Austrian-German actor and philanthropist (1928–2014)

Karlheinz Böhm (16 March 1928 – 29 May 2014) was a German-born Austrian actor and philanthropist. He took part in 45 films and became well known in Austria and Germany for his role as Emperor Franz Joseph I of Austria in the Sissi film trilogy and internationally for his role as Mark Lewis, the psychopathic protagonist of Peeping Tom, directed by Michael Powell. He was the founder of the trust Menschen für Menschen (“Humans for Humans”), which helps people in need in Ethiopia. He also received honorary Ethiopian citizenship in 2003.

==Early life==
Böhm was born on 16 March 1928 in Darmstadt, Germany, the son of Austrian conductor Karl Böhm and German soprano Thea Linhard. He was an only child, and spent his youth in Darmstadt, Hamburg and Dresden. In Hamburg he attended elementary school at the Kepler-Gymnasium (a grammar school). Faked papers (claiming he had a lung disease) enabled him to emigrate to Switzerland in 1939, just around the beginning of World War II, where he attended the Lyceum Alpinum Zuoz, a boarding school. In 1946, he moved to Graz with his parents, where he graduated from high school the same year. He originally intended to become a pianist but received poor feedback when he auditioned. His father urged him to study English and German language and literary studies, followed by studies of history of arts for one semester in Rome after which he quit and returned to Vienna to take acting lessons with Prof. Helmuth Krauss.

==Acting career==
From 1948 to 1976 Böhm acted in about 45 films and also in theatre. With Romy Schneider, he starred in Sissi (1955), the first of a film trilogy, as Emperor Franz Joseph, with Schneider as his wife, Empress Elisabeth of Austria. The role for a time limited him to one specific genre as an actor, but Böhm's best known English language film was a dramatic change of image. In Peeping Tom (1960) he played the psychopath Mark Lewis. Director Michael Powell cast him in the role because he felt Böhm might understand the character's experience of having an overbearing father. The film's initial rejection hurt both the actor and Powell, for Powell professionally as well as emotionally, but it is now regarded by some as a classic. One unusual aspect of the casting is that Böhm displayed a significant German accent throughout the movie, though the character had been born and raised in England to, probably, an English father, as played for short bits by Powell without an accent.
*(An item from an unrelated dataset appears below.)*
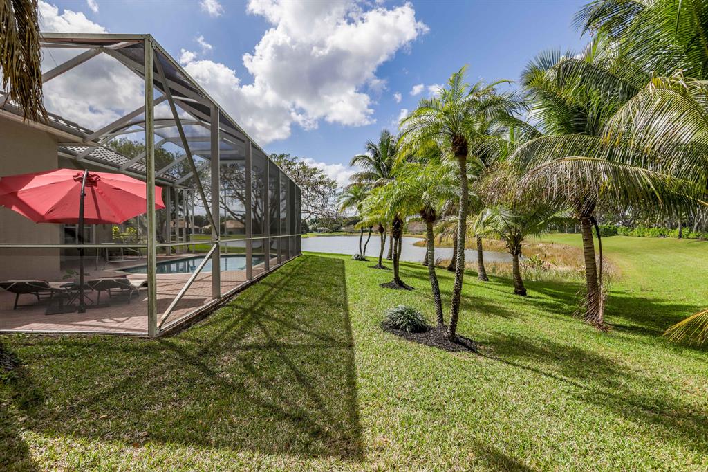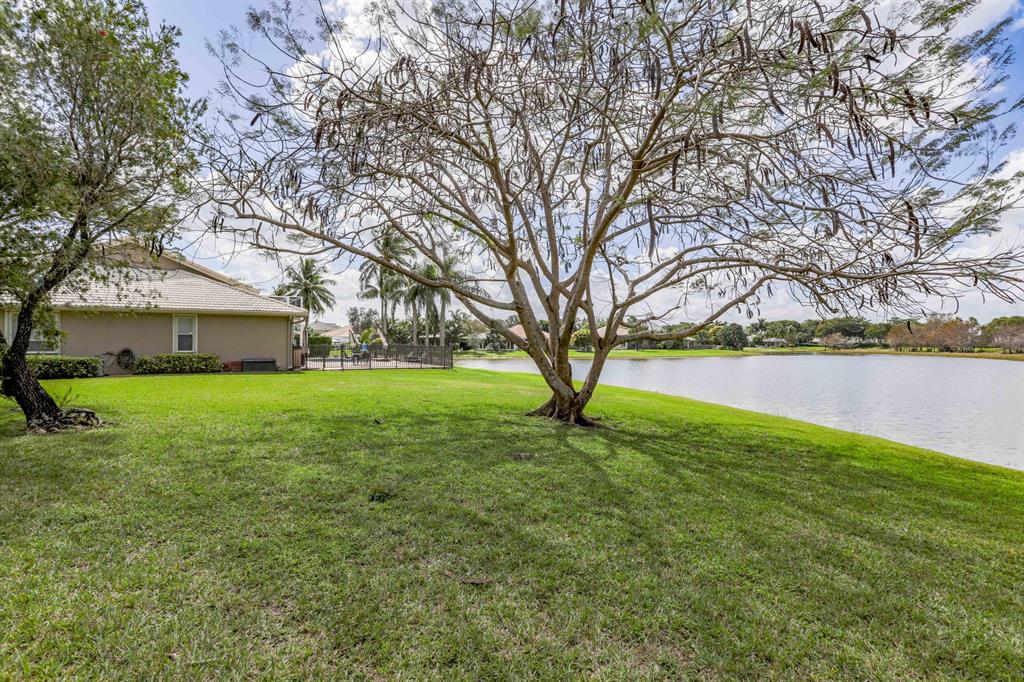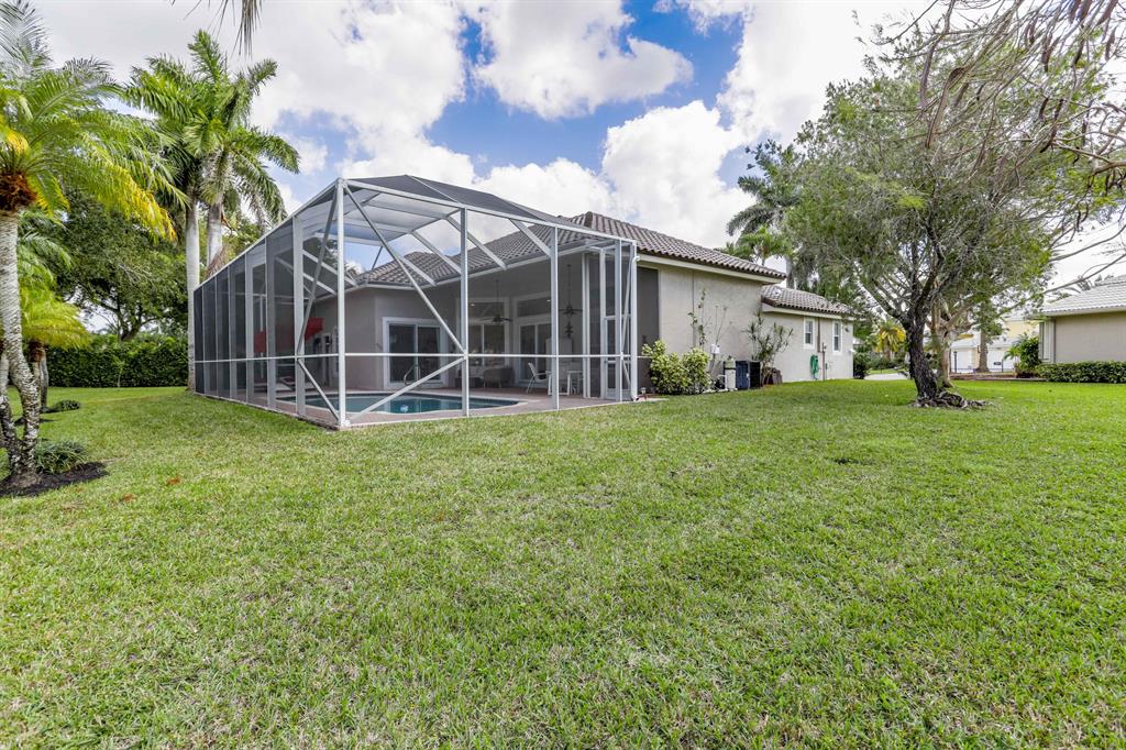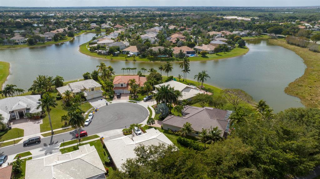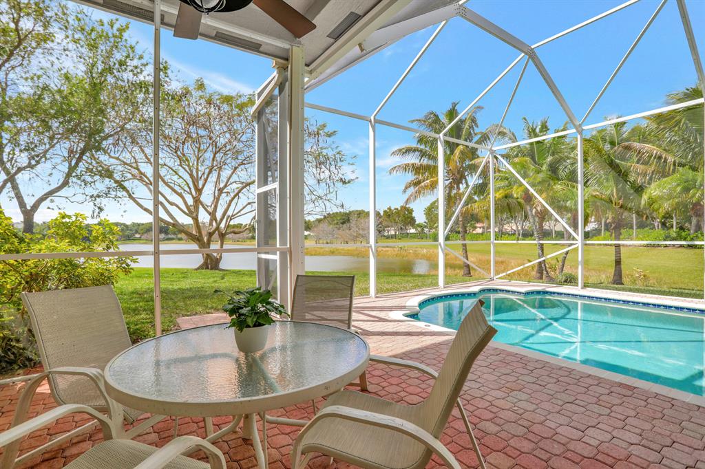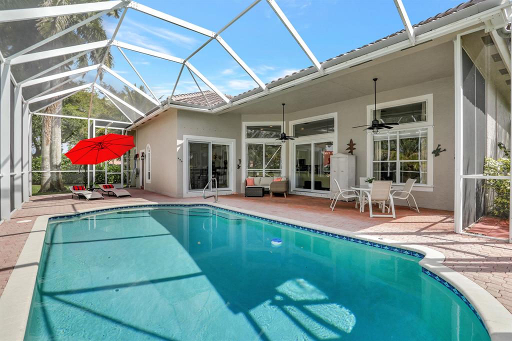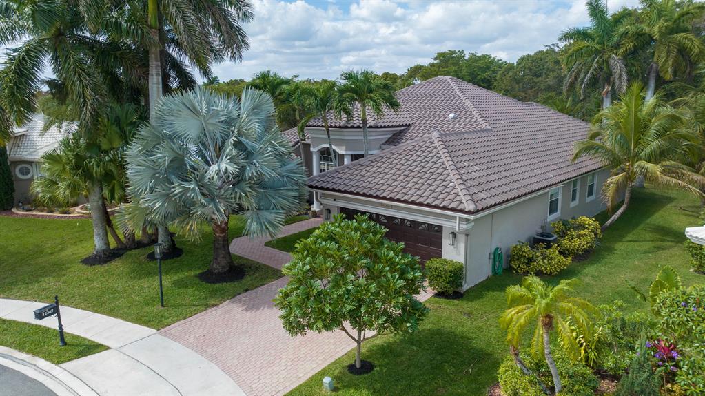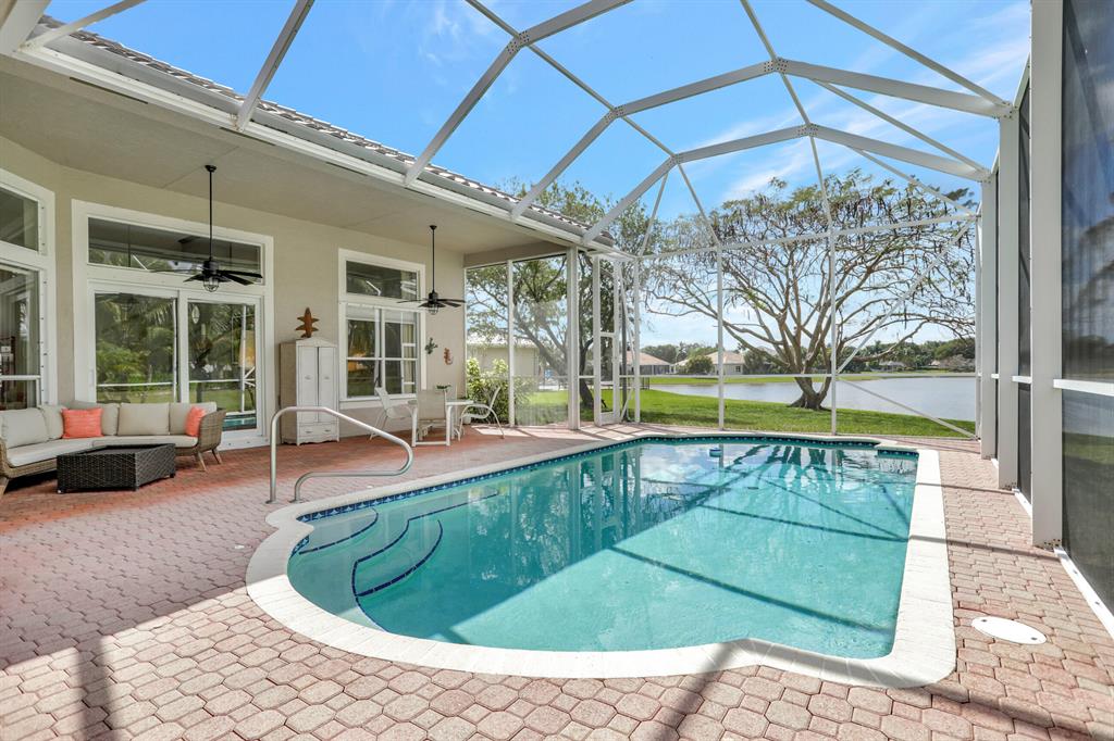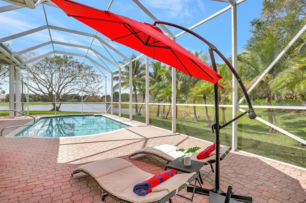 Welcome home to Boca Falls! Beautiful, renovated, Monterrey model home on a cul-de-sac in West Boca Raton's highly desired, luxurious and family oriented Boca Falls man gated community. Large 0.33 acre lot (developer lot) with private and beautiful water views, large spacious backyard and screened, covered lanai with salt water pool. NEW ROOF in 2023, completely remodeled and renovated open floor is designed around the grand central living area with 15 ft ceilings. Custom kitchen cabinetry, granite countertop kitchen and breakfast area with open views of the grand room/media center and separate dining/sitting room with white porcelain floors. The primary, oversized bedroom with a luxurious and elegant bathroom is a private oasis overlooking the pool and lanai, ideal for enjoying

Briefly, in the early 1960s, Böhm worked in the American film and television industry. He played Jakob Grimm in the MGM-Cinerama spectacular The Wonderful World of the Brothers Grimm and Ludwig van Beethoven in the Walt Disney film The Magnificent Rebel. The latter film was made especially for Walt Disney's Wonderful World of Color television anthology series, but it was released theatrically in Europe. He appeared in a villainous role as the Nazi-sympathizing son of Paul Lukas in the MGM film Four Horsemen of the Apocalypse (all 1962), a remake of the 1921 silent Rudolph Valentino film.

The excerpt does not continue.